Is it based on just general appropriate concern or is it actually based on some conversations that you have had with -- and your team have that [indiscernible]?.
No, I think what we've heard is what they have said publicly. And again, I haven't seen any public statements around reductions in capital. But I don't think people put out their plans in detail for '23 yet. So that's where my cautiousness, I guess, comes in just trying to look a little further into the future.
As far as this year capital spending, this seems to be pretty consistent..
One last question, I promise. On the India opportunity, you've just had announced that Jio had a far key -- I'm not sure about Vodafone, but these are massive 5G buildouts, you are talking about imminently and they may have already started.
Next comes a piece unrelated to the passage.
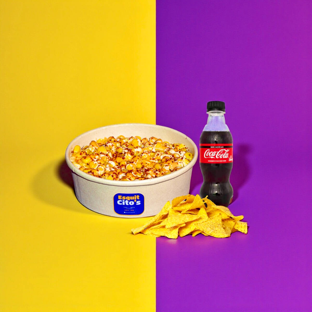 Bowl de 26 oz de maíz tierno, tajín, limón, queso costeño, chipotle, queso mozzarella, salsa de la casa y 2 coca cola
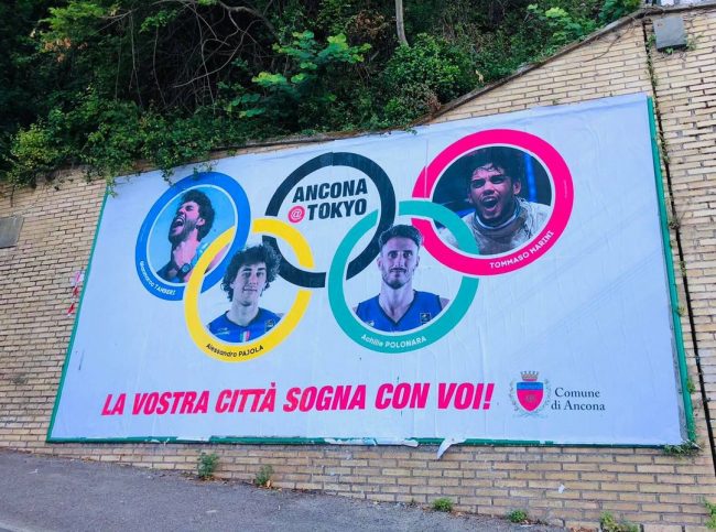 Mega manifesti in città per supportare gli atleti anconetani a Tokyo. Sono comparsi questa mattina in vari punti del capoluogo per dare l’in bocca al lupo ai cestisti Achille Polonara, Alessandro Pajola, al saltatore Gimbo Tamberi e allo schermitore Tommaso Marini. Saranno loro a rappresentare i colori biancorossi alle Olimpiadi, il cui debutto è fissato per venerdì. Il sindaco Mancinelli: «Volevamo farvi sapere quanto siamo orgogliosi di voi e del vostro talento.. di 4 ragazzi anconetani alle Olimpiadi. In bocca al lupo ragazzi».

And over the next 18 months, it's going to be a ton of spend.
The last time I checked Huawei, ZTE are out of the picture. And so it's essentially you I think seen in Nokia. What are you seeing in terms of optical in India, has already started? And Bharti Airtel, I trust that IP router your referenced is part of that.
But are the funds already starting to flow in this 5G buildouts, what's the outlook for the pipeline there or the opportunity over the next 18 months or so?.
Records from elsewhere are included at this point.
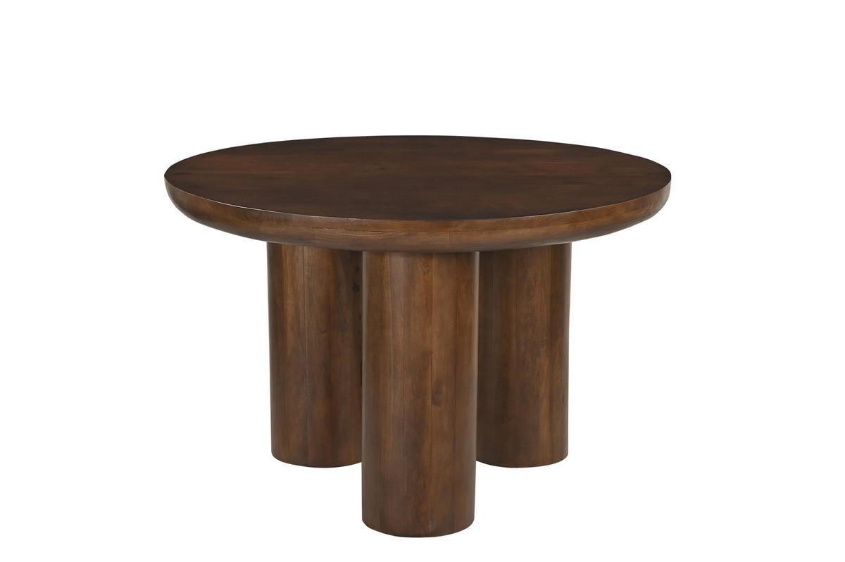 Material: Hochwertiges, massives Mangoholz Farbe: Einladendes Braun Runde Tischplatte: Ø 120 cm für gesellige Runden Plattenstärke: Robuste 8 cm Stabiles Gestell: Drei säulenförmige Beine Vielseitig einsetzbar: Passend für Esszimmer oder Wohnküchen Höhe: 76 cm, ideal für komfortables Sitzen
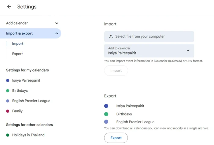 เมื่อได้ไฟล์ ics ขนาดเล็กๆ แล้วเราค่อยมานั่ง import กลับเข้าไปยัง Google Calendar ของเราเองทีละไฟล์ (ด้วยมือ 😂 นี่บริษัทระดับ trillion dollar company นะครับคุณ) เท่านั้นเป็นอันเรียบร้อย
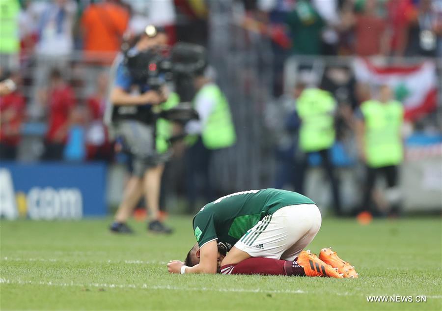 Javier Hernandez of Mexico celebrates victory after a group F match between Germany and Mexico at the 2018 FIFA World Cup in Moscow, Russia, June 17, 2018. Mexico won 1-0. (Xinhua/Xu Zijian)
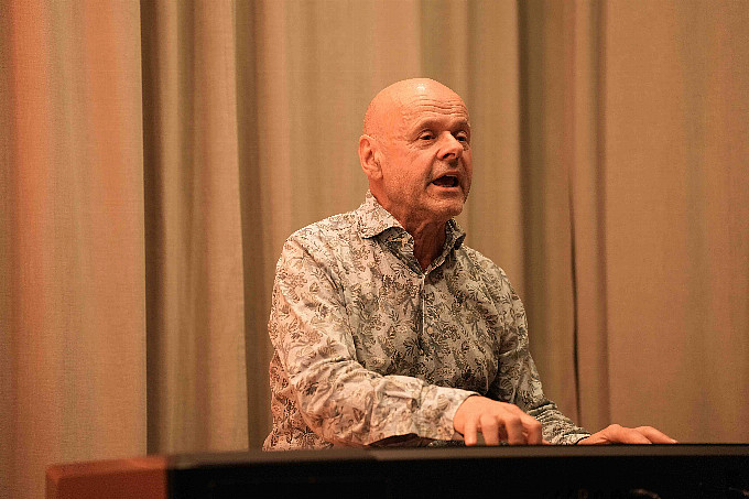 Jörg-Martin Willnauer liest, er singt, begleitet sich dabei am Klavier und rezitiert Mundartgedichte.
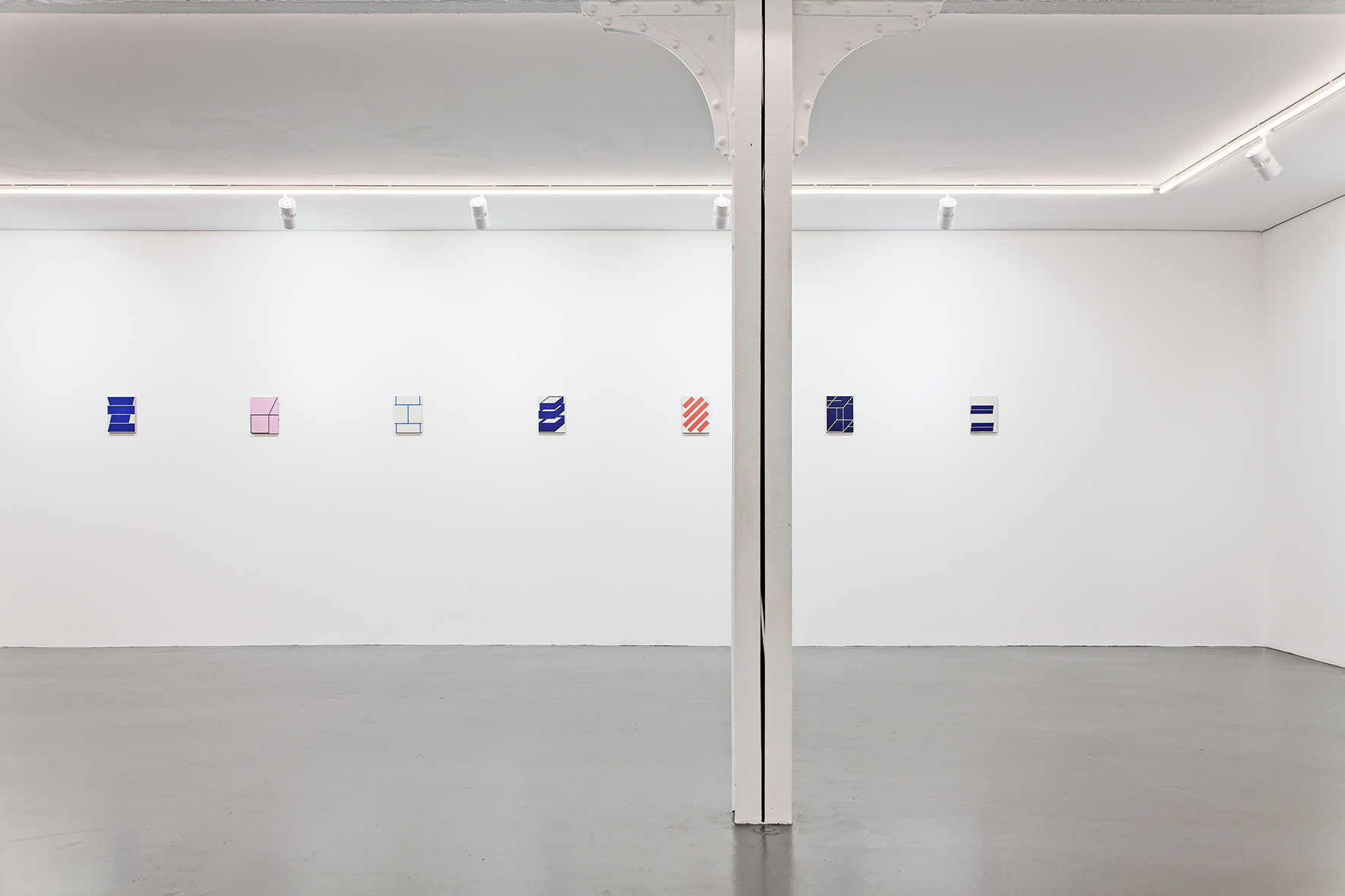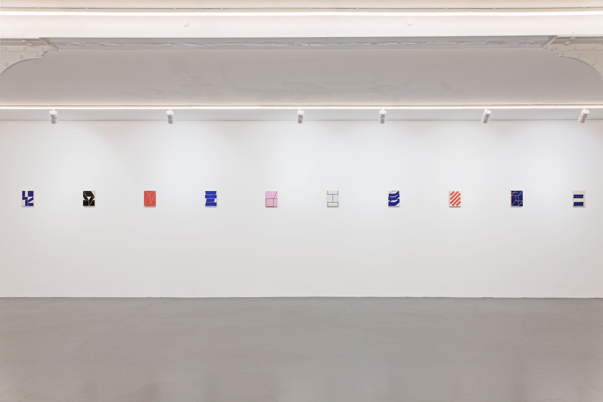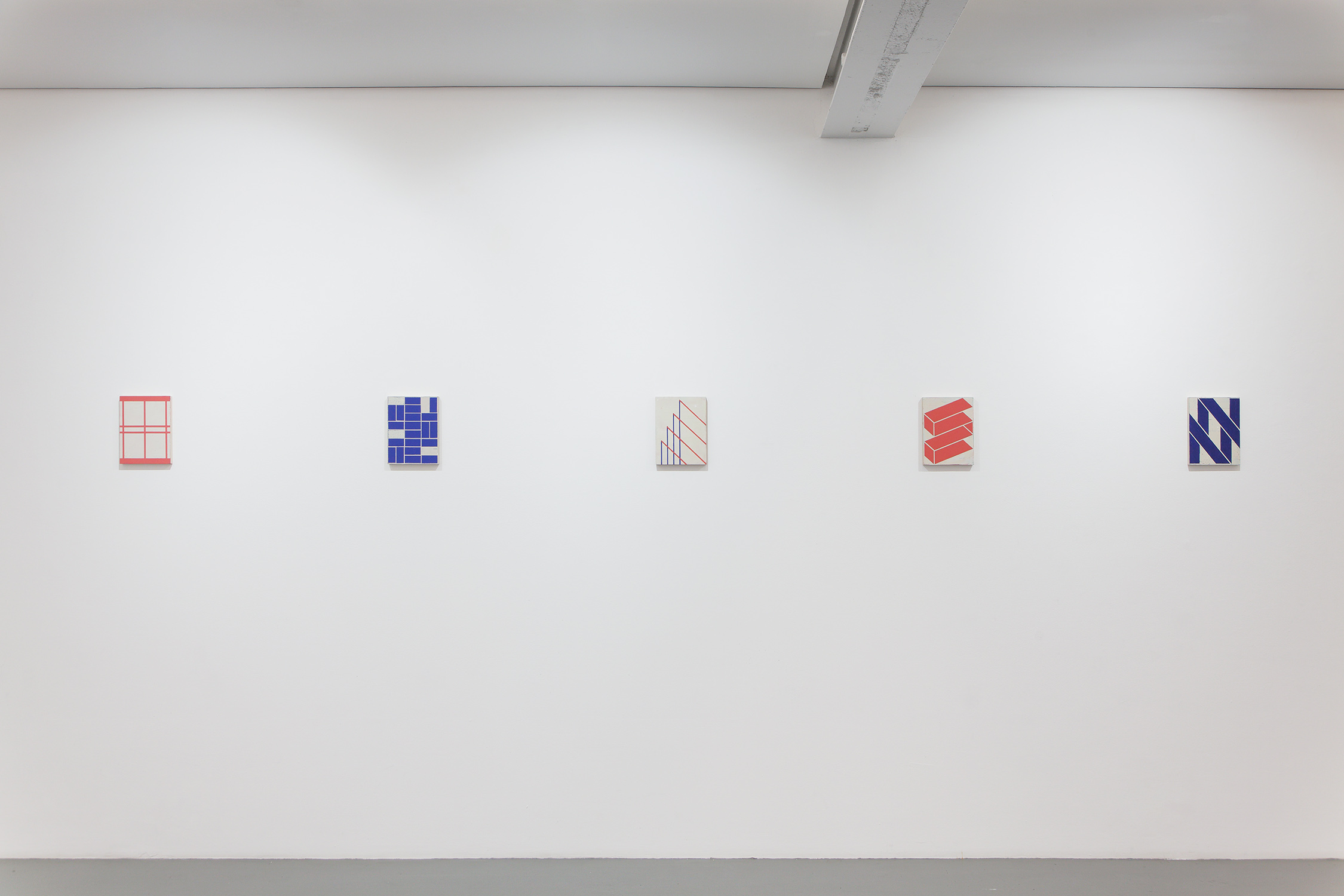 Magenta, the title of the exhibition, refers to the Boulevard de Magenta in Paris, which the artist passes on his way to the gallery. Drawing inspiration from the visual environment of the city, Biltereyst translates familiar elements—such as signage, logos, grids, and markings—into abstract compositions on wooden panels. These components form the basis of a distinctive visual language, articulated through geometric forms and a restrained palette of vivid, primary colors. The exhibition brings together thirty small-format works, presented with careful precision. Each piece stands on its own, yet together they read like a visual record — an alphabet of moments.

This new cell site router, opportunity is directly linked to the investment around the 5G infrastructure buildout. And I think as you know they're just starting. So there's a long runway ahead there. And that architecture in that series of products apply not just to Bharti, but to most of the carriers around the world building out 5G infrastructure.
And it's just one product in the portfolio, but it's the reason we've been making the investment we have. We really see a significant opportunity and a spot for us to really grow the company.
In addition to the optical business that we're doing, which also grew clearly in the quarter, the growth in IP and kind of the increased balance in the portfolio is really exciting to watch here..
Next question comes from Dave Kang with B. Riley..
My first question is, just wanted to clarify. Did I hear you correctly when you said, when you're talking about margins that one of the reasons margins increase was because your supply chain costs went down.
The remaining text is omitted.